Nat Commun. 2019 Mar 21;10(1):1302. doi: 10.1038/s41467-019-09115-y.
Humans and vocal animals use vocalizations to communicate with members of their species. A necessary function of auditory perception is to generalize across the high variability inherent in vocalization production and classify them into behaviorally distinct categories ('words' or 'call types'). Here, we demonstrate that detecting mid-level features in calls achieves production-invariant classification. Starting from randomly chosen marmoset call features, we use a greedy search algorithm to determine the most informative and least redundant features necessary for call classification. High classification performance is achieved using only 10-20 features per call type. Predictions of tuning properties of putative feature-selective neurons accurately match some observed auditory cortical responses. This feature-based approach also succeeds for call categorization in other species, and for other complex classification tasks such as caller identification. Our results suggest that high-level neural representations of sounds are based on task-dependent features optimized for specific computational goals.

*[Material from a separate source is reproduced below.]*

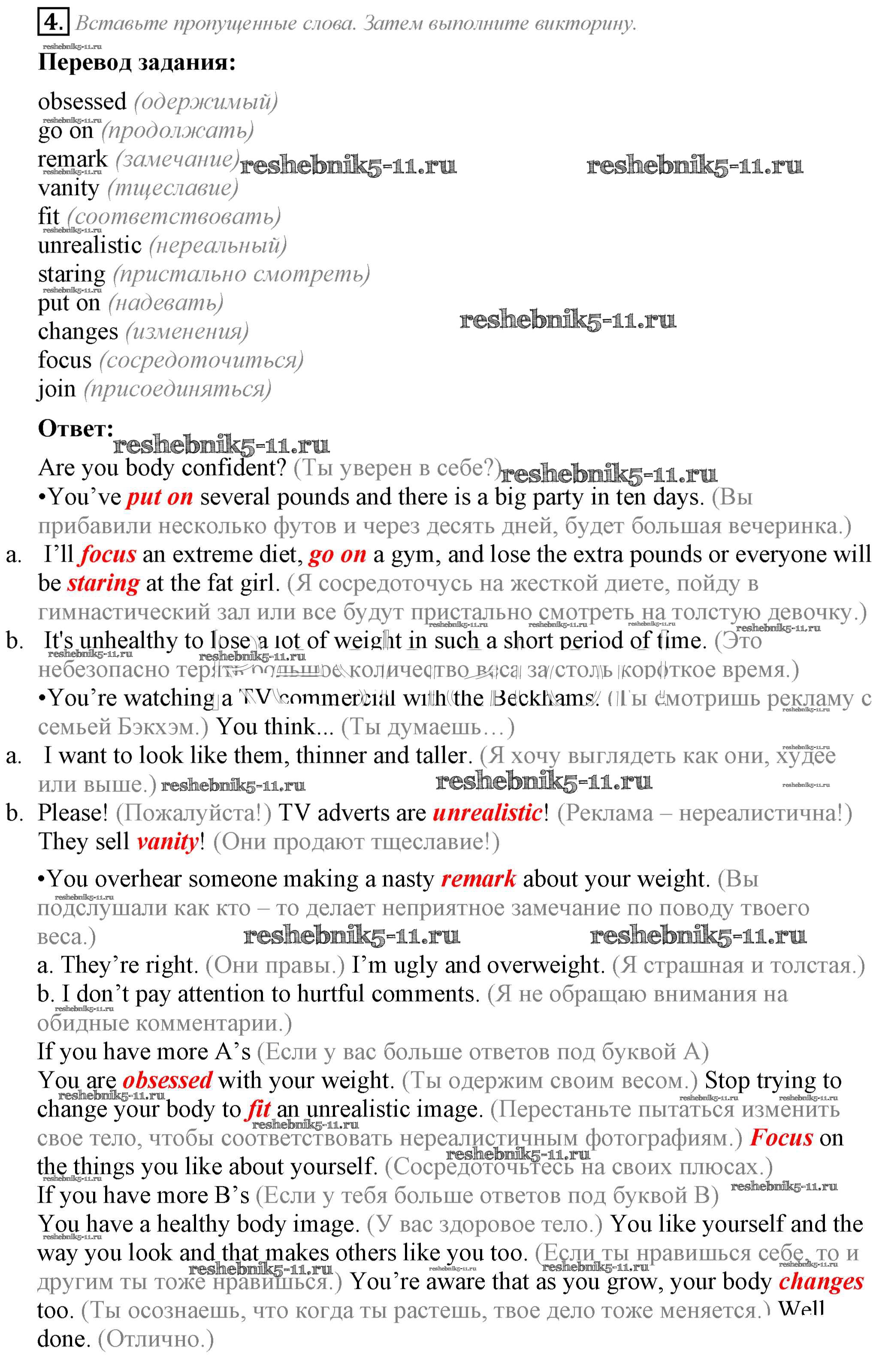 Готовая домашняя работа с ответами по Английскому языку за 8 класс Ваулина, Дули, Подоляко, Эванс Рабочая тетрадь Spotlight Просвещение 2016 ФГОС - Часть 4a 4

人类和发声动物利用发声来与同种成员进行交流。听觉感知的一个必要功能是对发声产生中的高度可变性进行概括,并将其分类为具有不同行为特征的类别(“单词”或“叫声类型”)。在这里,我们证明了在叫声中检测中间层特征可实现与产生无关的分类。从随机选择的狨猴叫声特征开始,我们使用贪婪搜索算法来确定对于叫声分类最有用且最不冗余的特征。每个叫声类型仅使用 10-20 个特征即可实现高分类性能。对候选特征选择神经元调谐特性的预测与一些观察到的听觉皮层反应非常吻合。这种基于特征的方法也适用于其他物种的叫声分类,以及其他复杂的分类任务,如呼叫者识别。我们的研究结果表明,声音的高级神经表示是基于针对特定计算目标优化的任务相关特征。